The entries that follow should be reproduced exactly, with no images carried over.

#### Input data

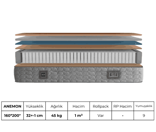 Anemon, içeriğindeki paket yay teknolojisi ve latex süngeri sayesinde kesintisiz bir uyku, mutlu bir sabah vadediyor.
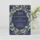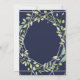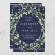 This elegant wedding invitation features a modern, silver look geometric frame with a trendy green leaf-filled wreath on a midnight blue background.
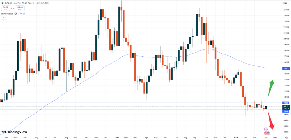 If the market is not able to push beyond that zone the sideways pattern might continue and eventually push Solana lower again. Especially the break of the USD 78.00 level might then increase the selling pressure again.
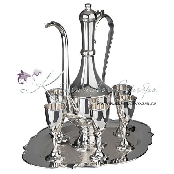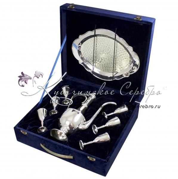 Серебро 875 пробы В сервиз входит-кувшин, 6 рюмок и поднос. Гарантия высшего качества от фирменного магазина! Возможно нанесение подарочной надписи или любого рисунка.
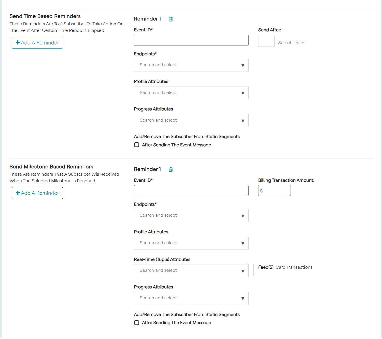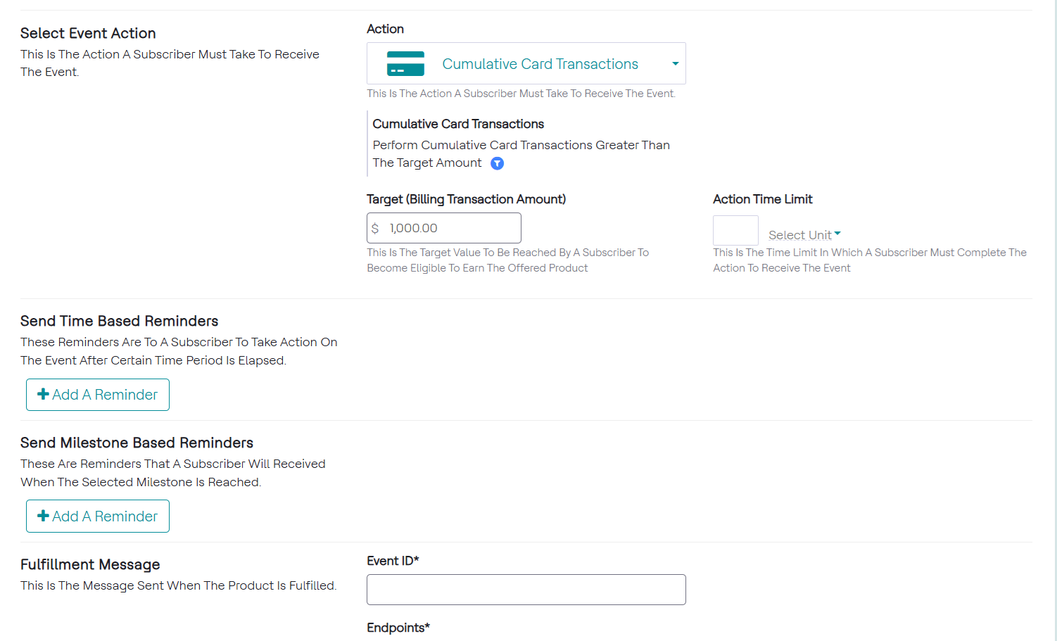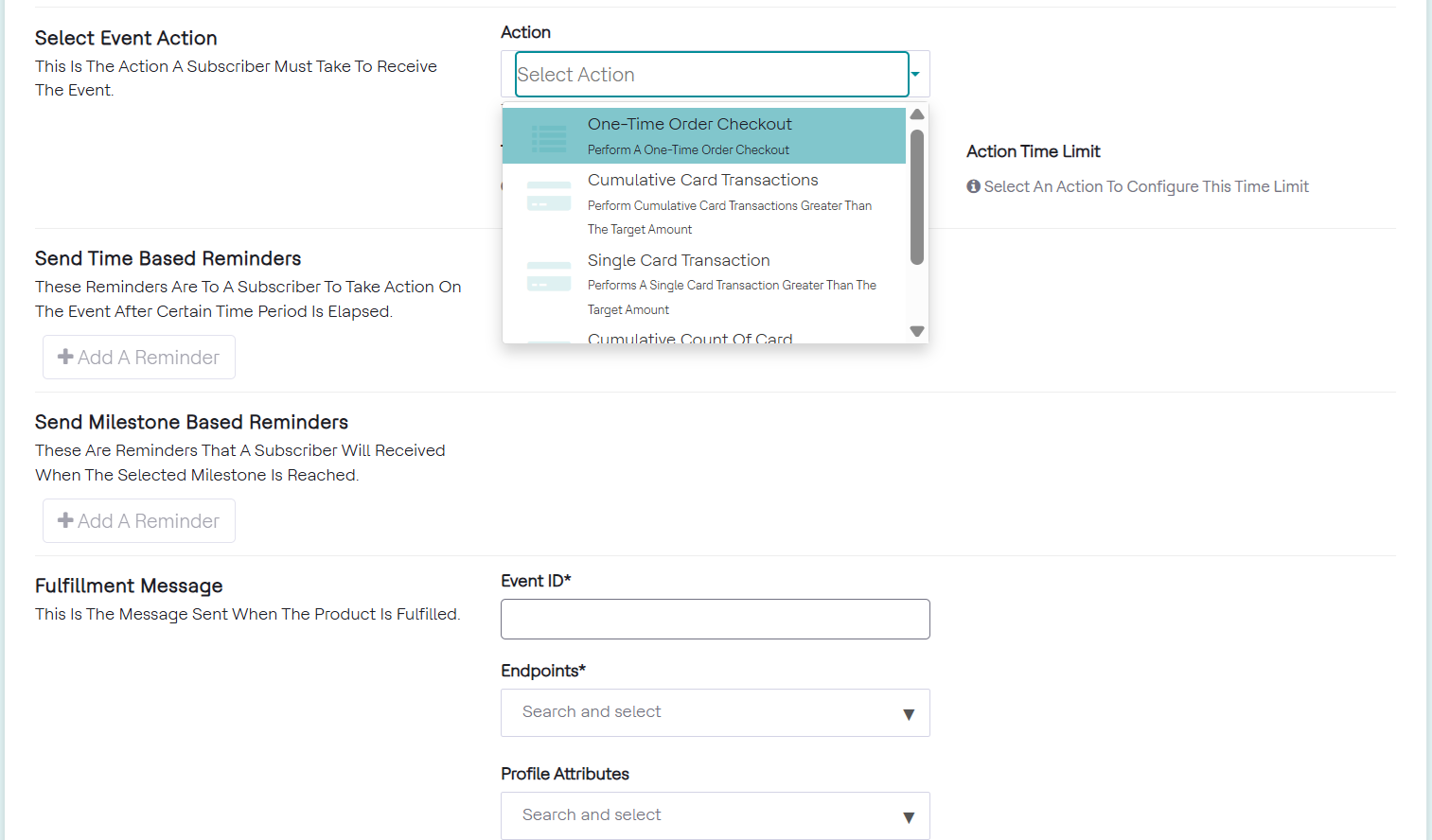 For Action-Based Events, the customer must complete an action to receive the product of an event. Time-based & Milestone-based reminders can be added as well.
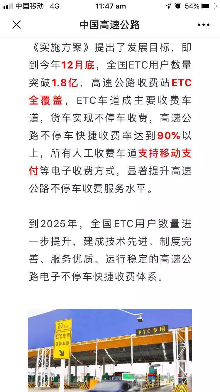 而且,文件中还提到,必须在大中城市以及旅游景区,实现ETC车道占比不低于70%的目标。今后的高速通行优惠减免政策,也将依托ETC系统来实施。
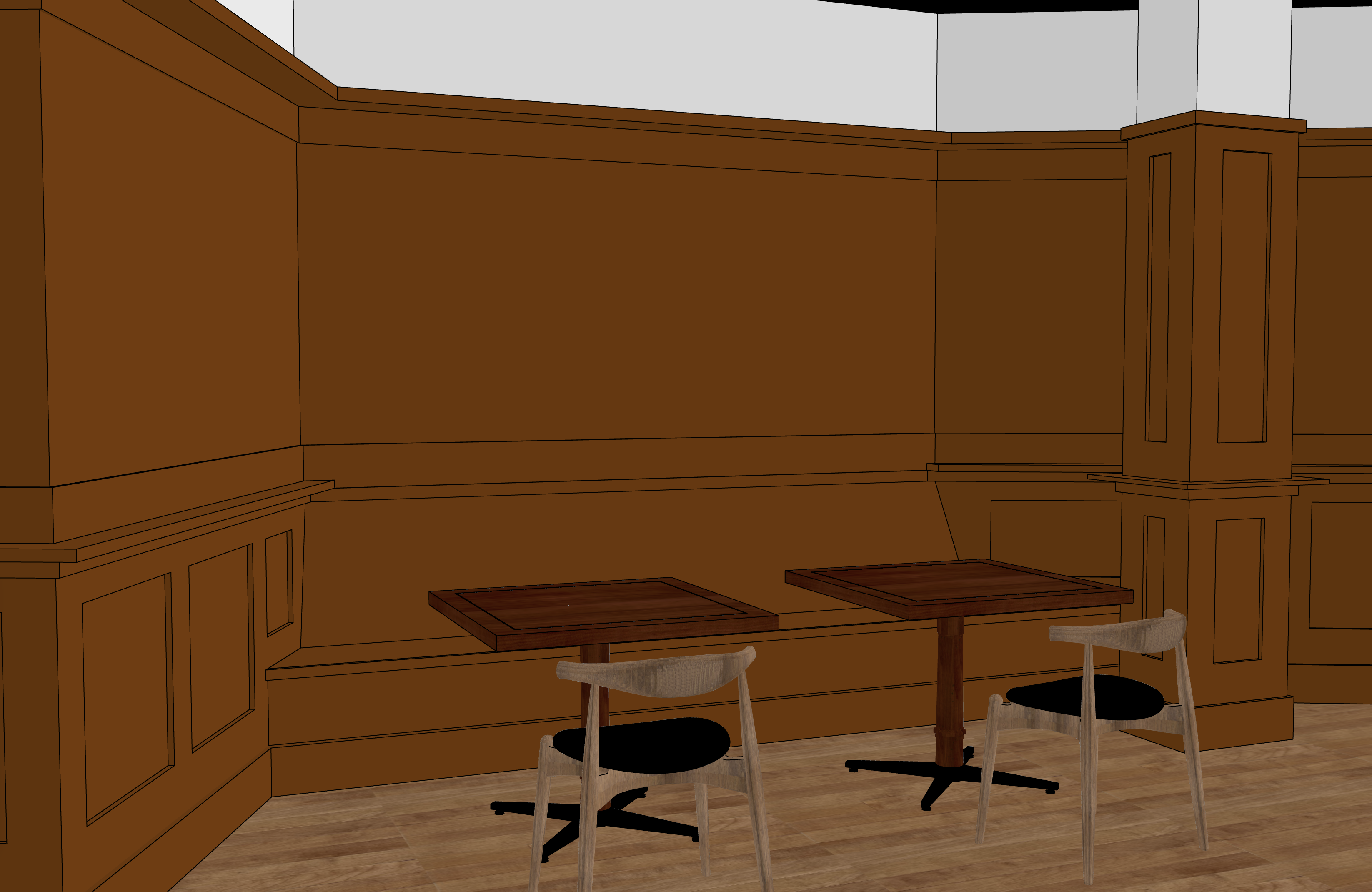 a scene inside a dark moody bar add sports memorabilia on the walls
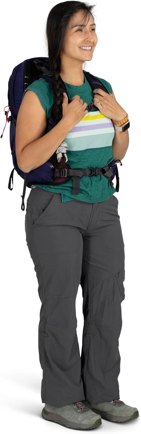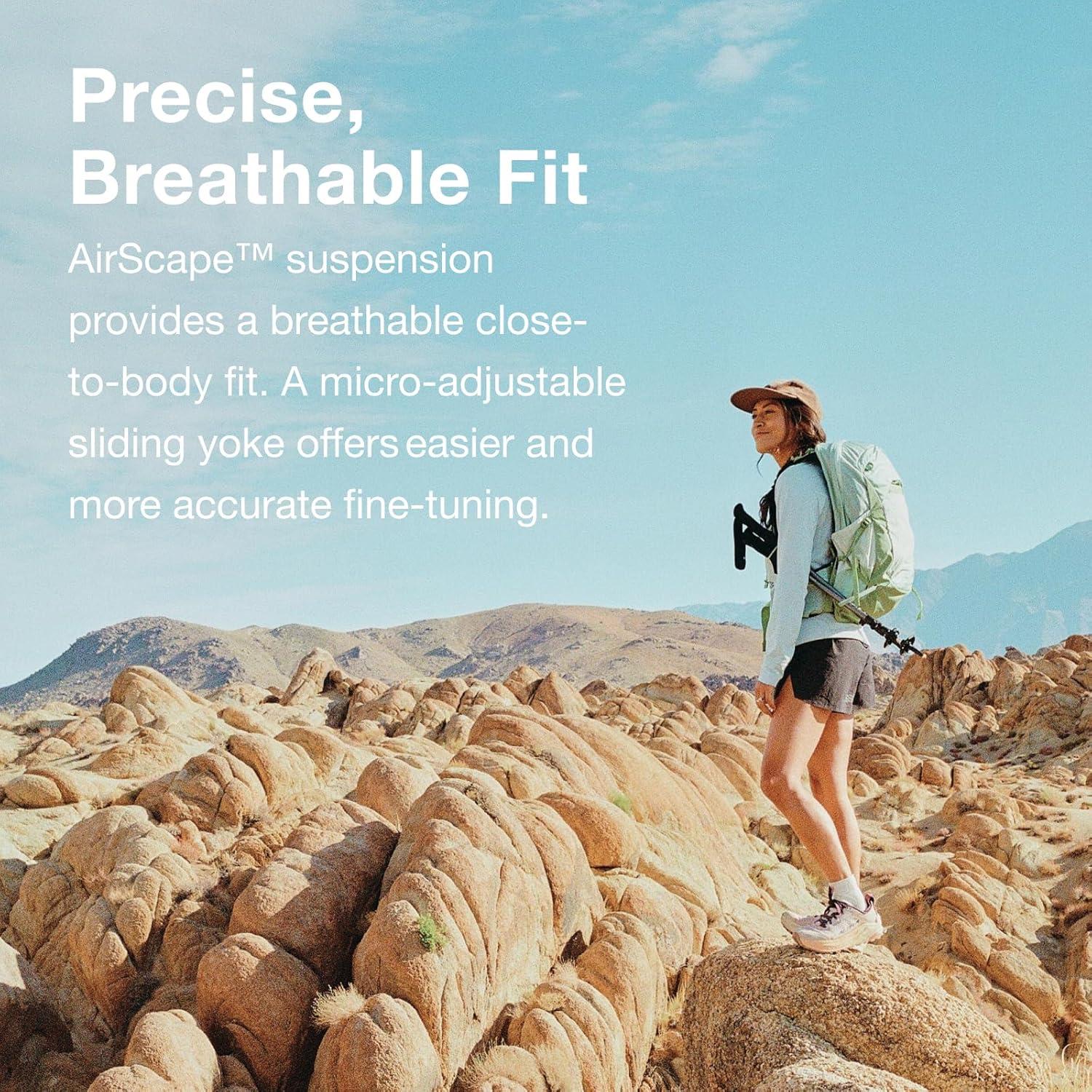 PRECISE & BREATHABLE FIT: Stay cool and supported with an AirScape backpanel that delivers a close-to-body, stable carry and improves airflow to reduce sweat while hiking or cycling. The adjustable sliding yoke and BioStretch hipbelt create a personalized women's fit, keeping the bag stable and comfortable during hikes, bikes, day trips, and other adventures.

########

Answer below
 Anemon, içeriğindeki paket yay teknolojisi ve latex süngeri sayesinde kesintisiz bir uyku, mutlu bir sabah vadediyor.
 This elegant wedding invitation features a modern, silver look geometric frame with a trendy green leaf-filled wreath on a midnight blue background.
 If the market is not able to push beyond that zone the sideways pattern might continue and eventually push Solana lower again. Especially the break of the USD 78.00 level might then increase the selling pressure again.
 Серебро 875 пробы В сервиз входит-кувшин, 6 рюмок и поднос. Гарантия высшего качества от фирменного магазина! Возможно нанесение подарочной надписи или любого рисунка.
 For Action-Based Events, the customer must complete an action to receive the product of an event. Time-based & Milestone-based reminders can be added as well.
 而且,文件中还提到,必须在大中城市以及旅游景区,实现ETC车道占比不低于70%的目标。今后的高速通行优惠减免政策,也将依托ETC系统来实施。
 a scene inside a dark moody bar add sports memorabilia on the walls
 PRECISE & BREATHABLE FIT: Stay cool and supported with an AirScape backpanel that delivers a close-to-body, stable carry and improves airflow to reduce sweat while hiking or cycling. The adjustable sliding yoke and BioStretch hipbelt create a personalized women's fit, keeping the bag stable and comfortable during hikes, bikes, day trips, and other adventures.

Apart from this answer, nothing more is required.